The Agency of Education and its State Board (SBOE) recognize that school districts that vote against mergers and close their schools are a threat to the education monopoly’s viability, and they are doing everything they can to stop school districts who have, through the Act 46 process, figured out that closing their public schools is their best option financially and academically.
However, school districts that are considering closing their schools are in a race against time. They must act before they are merged with other districts, because once these districts are forced to merge, they lose their autonomy and authority to govern their district. This is what all the hubbub is about.
The AOE and SBOE pretense that school districts choosing not to merge can’t vote to close their schools to create independent schools in their place, because of timing, is a continuation of SBOE deceptiveness and bad faith negotiation. After all, there is nothing in 16 V.S.A. § 821, § 822, § 823 and § 824, the statutes governing a school district’s authority in this regard, or in Act 46, that restrict an autonomous school district’s authority to close its schools based on arbitrarily determined “inchoate” or “ephemeral” timeliness.
As a result, anti-Act 46 groups are threatening to sue the SBOE and the AOE. A publication released in August by Vermonters for Schools and Community highlights the overreach by the Vermont Agency of Education and its State Board of Education.
Is the Vermont education monopoly inclined to heed the wishes of Vermont school boards, parents and communities? State Board Chair Krista Huling said the threat of going to court wasn’t going to sway them either way.
So, there you have it.

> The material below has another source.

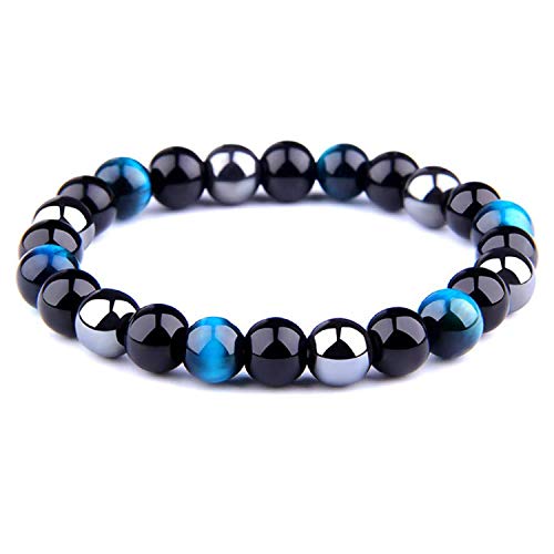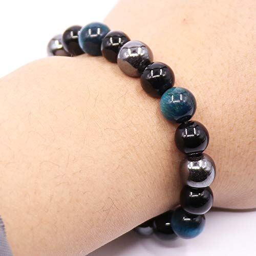 Bracciale a tripla protezione con occhio di tigre, perline di ematite e ossidiana nera di UEUC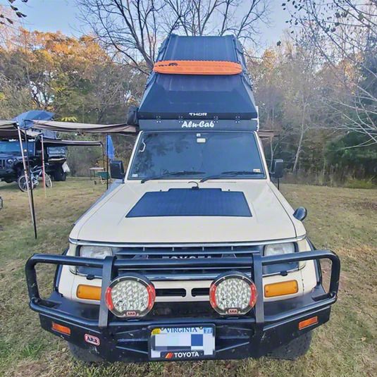 Advanced Hood Solar Panel. The LensunSolar Hood Solar Panel Complete Kit; 95-Watt offers a flexible and efficient solar charging solution that mounts directly onto the vehicle’s hood. It maintains and charges vehicle or auxiliary batteries and compatible power stations, ensuring reliable power for electronics during extended camping or off-road excursions without engine use.

Apparently, litigation is the only remedy available and these groups are tasked with the unenviable position of financing law suits against an organization they’re forced to fund with their tax dollars.
The Catch 22
What happens when a school district that voted to close and reopen its public school as an independent school is forced to merge after its change to independent governance? Typically, because the original district was a small district to begin with, when it’s forced to merge its board participation is limited to the proportion of its students in the newly consolidated district. If the board members in the other merged districts, who now control the new board majority, decide to reconsider the governance of the smaller district, they can override the vote of the original smaller district’s electorate.
The question we must ask is this: Given Vermont’s nearly highest-in-the-nation cost of education and the mediocre academic performance of its students, can voters reasonably expect Vermont’s same education establishment to (1) provide substantial equity in the quality and variety of educational opportunities statewide, (2) lead students to achieve or exceed the State’s Education Quality Standards, (3) maximize operational efficiencies, (4) promote transparency and accountability, (5) deliver at a cost that parents, voters and taxpayers value by consolidating the governance and practices that created Vermont’s high education cost and mediocre academic performance in the first place?
Jay Eshelman is a former school board director and business owner living in Vermont.